§ GIVEN RECORDS:
· · · · ·

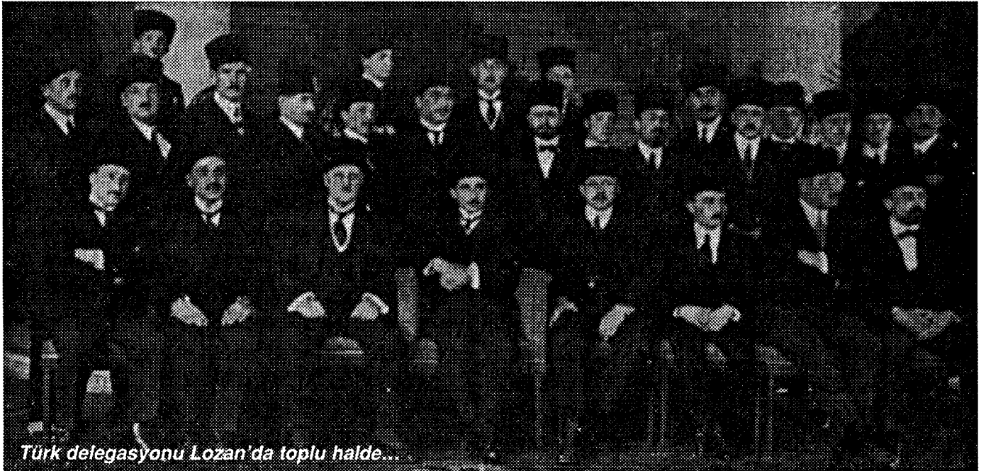
Türk delegasyonu Lozan'da toplu halde...

'Alternatif Lozan' isteminin, hâlâ antlaşmalar yolunun Kürt ulusunun diplomasi masalarında ve Avrupa'nın değişik emperyalist kurum ve kuruluşlarının sözde dostluk vb. sözlerinin yardımıyla birşeylerin olabileceği mesajını vermesi oranında doğru olmadığı görülmektedir. Lozan'ı bölge halklarının boynuna bir kement gibi geçiren emperyalist devletlerin, gelinen yerde Lozan'dan da geri bir pozisyona düştükleri ve Kürt ulusunun TC egemenliği altında tutulmasına esasta onay verdikleri ortadadır. Neyi kimden nasıl istediğini somut olarak gerekçelendirmeden, yalnızca istemler manzu-
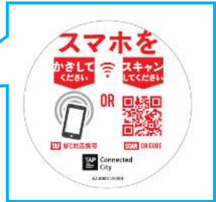
▲「スマートプレート」タッチポイントイメージ
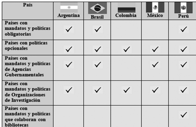
Figura 3. Resultados del análisis de normatividades de acceso abierto de Latinoamérica

Los resultados generales del análisis de contenido de las normatividades de acceso abierto en Latinoamérica se presentan comparativamente en la Figura 3 .
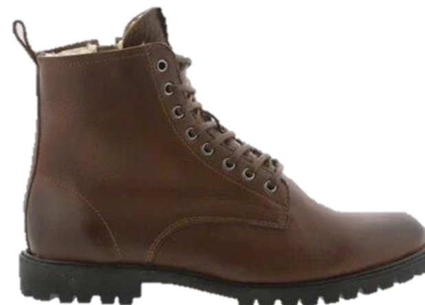
Jaxon SG49 color: OLD YELLOW material: LEATHER Inner material: SHEEPSKIN
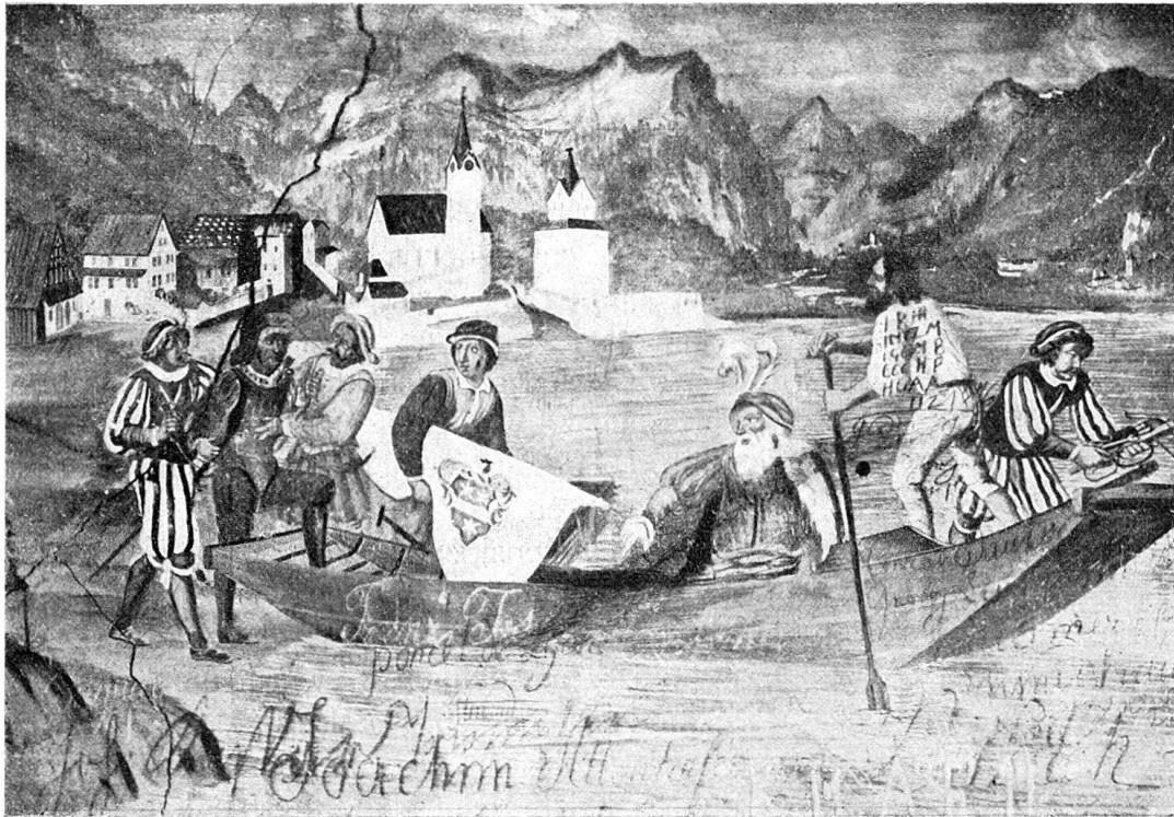
Abb. 2. Wandgemälde aus der alten Tellskapelle, von Karl Leonz Püntener, 1719; jetzt im Schlößchen Apro.

versetzt wurde. 1) (Abb. 2.) Püntener stellte die Einschiffung des gefangenen Tells in Flüelen dar und gab das genannte Dorf in seinem damaligen Aussehen mit sichtlicher Treue wieder. Die ziemlich großen Hofmauern reichen bis zum See hinab und sind dort von zwei turmartigen, aus dem rechten Winkel etwas hervortretenden Eckbauten flankiert (Abb. 3). Ob diese Mauern damals noch wirklich in dieser Höhe und in diesem Umfange vorhanden waren, bleibt dahingestellt. Der Maler hat vielleicht die vorhandenen Überreste zeichnerisch ausgebaut und rekonstruiert. So erblicken
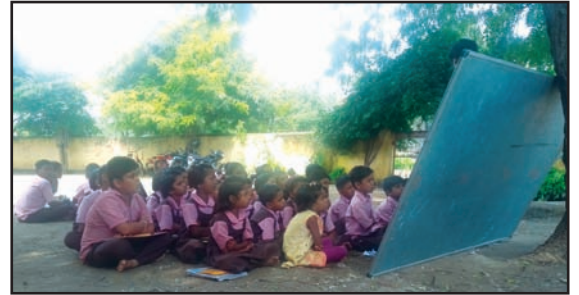
मोकळ्या मैदानात भरतात गणिताचे वर्ग

मूल्यवर्धनमधील शिक्षणाच्या नव्या पद्धतीमुळे फक्त एका वर्षात ही परिस्थिती बदलली आहे. येथील शिक्षकांच्या मते या शाळेची मुले आता गणितात चांगली प्रगती करीत
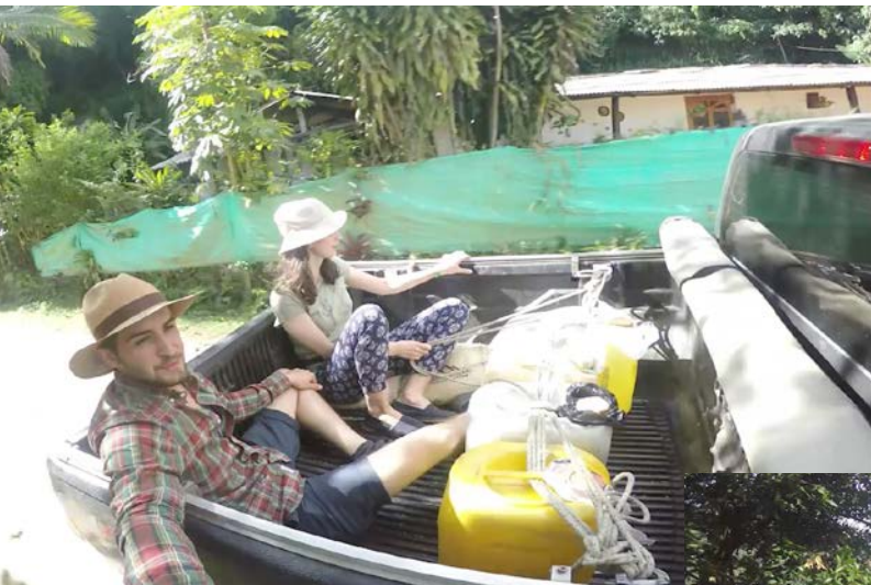
Auf der Fahrt zur ersten Plantage

Auf unserer Reise haben wir fünf Plantagen besuchen können, welche alle im Departamento Antioquia liegen. Zwei der Plantagen lagen in unmittelbarer Nähe zur berühmten Metropole Medellín. Die anderen drei in der Gegend um Bolívar.

· · · · ·

§ EXERCISE: Pictures excluded, set down all the entries exactly.

§ TASK RESULT:
Türk delegasyonu Lozan'da toplu halde...

'Alternatif Lozan' isteminin, hâlâ antlaşmalar yolunun Kürt ulusunun diplomasi masalarında ve Avrupa'nın değişik emperyalist kurum ve kuruluşlarının sözde dostluk vb. sözlerinin yardımıyla birşeylerin olabileceği mesajını vermesi oranında doğru olmadığı görülmektedir. Lozan'ı bölge halklarının boynuna bir kement gibi geçiren emperyalist devletlerin, gelinen yerde Lozan'dan da geri bir pozisyona düştükleri ve Kürt ulusunun TC egemenliği altında tutulmasına esasta onay verdikleri ortadadır. Neyi kimden nasıl istediğini somut olarak gerekçelendirmeden, yalnızca istemler manzu-
▲「スマートプレート」タッチポイントイメージ
Figura 3. Resultados del análisis de normatividades de acceso abierto de Latinoamérica

Los resultados generales del análisis de contenido de las normatividades de acceso abierto en Latinoamérica se presentan comparativamente en la Figura 3 .
Jaxon SG49 color: OLD YELLOW material: LEATHER Inner material: SHEEPSKIN
Abb. 2. Wandgemälde aus der alten Tellskapelle, von Karl Leonz Püntener, 1719; jetzt im Schlößchen Apro.

versetzt wurde. 1) (Abb. 2.) Püntener stellte die Einschiffung des gefangenen Tells in Flüelen dar und gab das genannte Dorf in seinem damaligen Aussehen mit sichtlicher Treue wieder. Die ziemlich großen Hofmauern reichen bis zum See hinab und sind dort von zwei turmartigen, aus dem rechten Winkel etwas hervortretenden Eckbauten flankiert (Abb. 3). Ob diese Mauern damals noch wirklich in dieser Höhe und in diesem Umfange vorhanden waren, bleibt dahingestellt. Der Maler hat vielleicht die vorhandenen Überreste zeichnerisch ausgebaut und rekonstruiert. So erblicken
मोकळ्या मैदानात भरतात गणिताचे वर्ग

मूल्यवर्धनमधील शिक्षणाच्या नव्या पद्धतीमुळे फक्त एका वर्षात ही परिस्थिती बदलली आहे. येथील शिक्षकांच्या मते या शाळेची मुले आता गणितात चांगली प्रगती करीत
Auf der Fahrt zur ersten Plantage

Auf unserer Reise haben wir fünf Plantagen besuchen können, welche alle im Departamento Antioquia liegen. Zwei der Plantagen lagen in unmittelbarer Nähe zur berühmten Metropole Medellín. Die anderen drei in der Gegend um Bolívar.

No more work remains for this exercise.